One example of an end-to-end upgrade within the network was the roll-out of multi-part payments (MPP). MPP is a protocol-level feature that enables a single payment to be split into multiple parts or paths, to be assembled at the recipient for settlement. The roll out our MPP was coupled with a new node_announcement level feature bit that indicates that the recipient knows how to handle partial payments. Assuming a sender and recipient know about each other (possibly via a BOLT 11 invoice), then they’re able to use the new feature without any further negotiation.

Another example of an end-to-end upgrade are the various types of "spontaneous" payments deployed within the network. One early type of spontaneous payments called keysend worked by simply placing the pre-image of a payment within the encrypted onion. Upon receipt, the destination would decrypt the pre-image, then use that to settle the payment. As the entire packet is end-to-end encrypted, this payment type was safe, since none of the intermediate nodes are able to fully unwrap the onion to uncover the payment pre-image.

Channel Construction Level Updates

The final broad category of updates are those that happen at the channel construction level, but which don’t modify the structure of the HTLC used widely within the network. When we say channel construction, we mean how the channel is funded or created. As an example, the eltoo channel type can be rolled out within the network using a new node_announcement level feature bit as well as a channel_announcement level feature bit. Only the two peers on the sides of the channels needs to understand and advertise these new features. This channel pair can then be used to forward any payment type granted the channel supports it.

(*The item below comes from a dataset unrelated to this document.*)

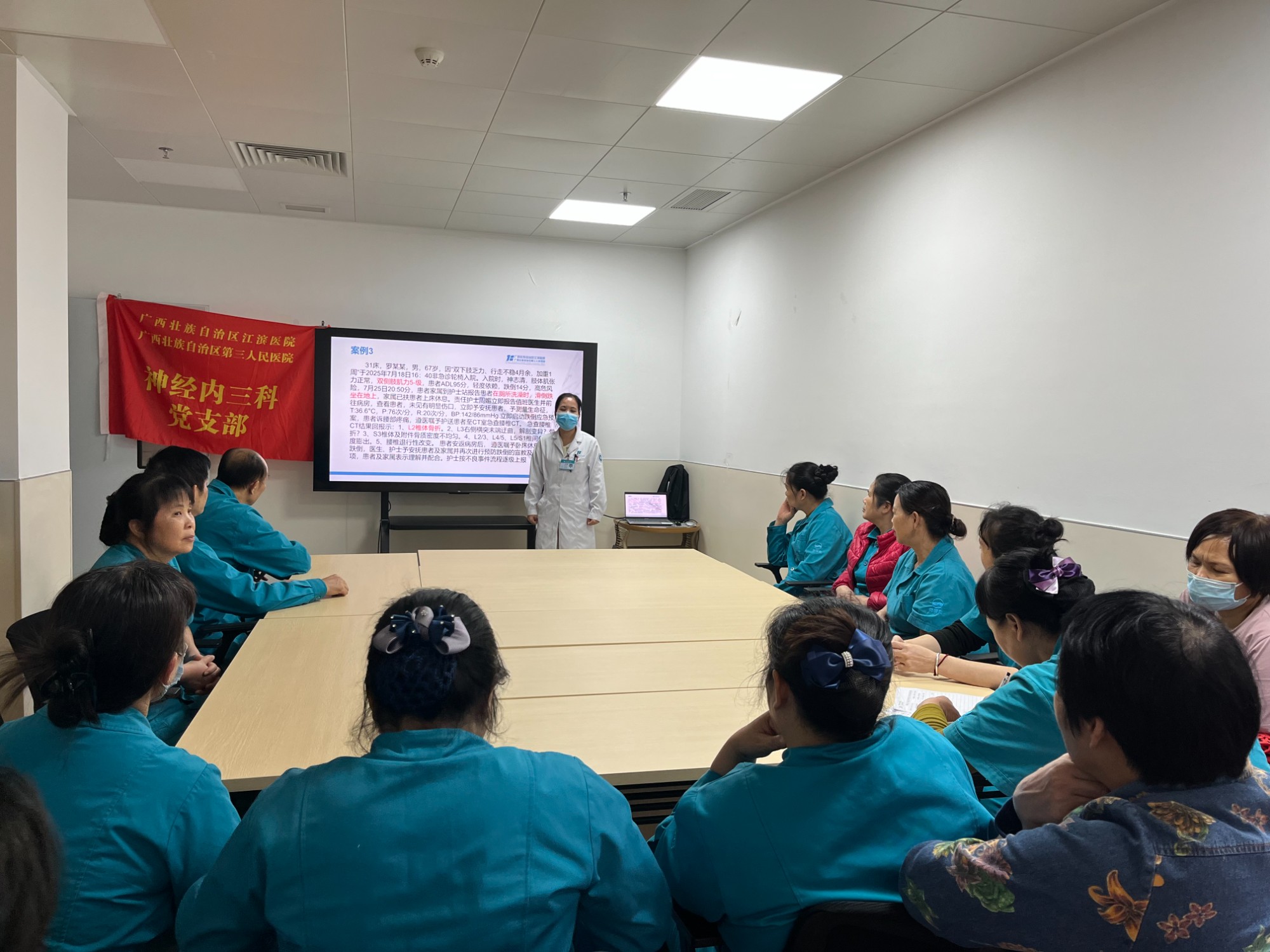 随着人口老龄化加剧,老年人跌倒已成为影响晚年生活质量的重要安全隐患。为切实筑牢老年人安全防护网,近日,广西江滨医院(自治区第三人民医院)神经内三科党支部以“365安全护航”为主题,通过案例分析、情景模拟、互动宣教等多元化形式,开展老年人跌倒预防及应急自救健康宣教活动,用专业力量为老年朋友的安全出行与健康生活保驾护航。

Another is the "anchor outputs" channel format which allows the commitment fee to be bumped via Bitcoin’s Child-Pays-For-Parent (CPFP) fee management mechanism.

Conclusion

Lightning’s wire protocol is incredibly flexible and allows for rapid innovation and interoperability without strict consensus. It is one of the reasons that the Lightning Network is experiencing much faster development and is attractive to many developers, who might otherwise find Bitcoin’s development style too conservative and slow.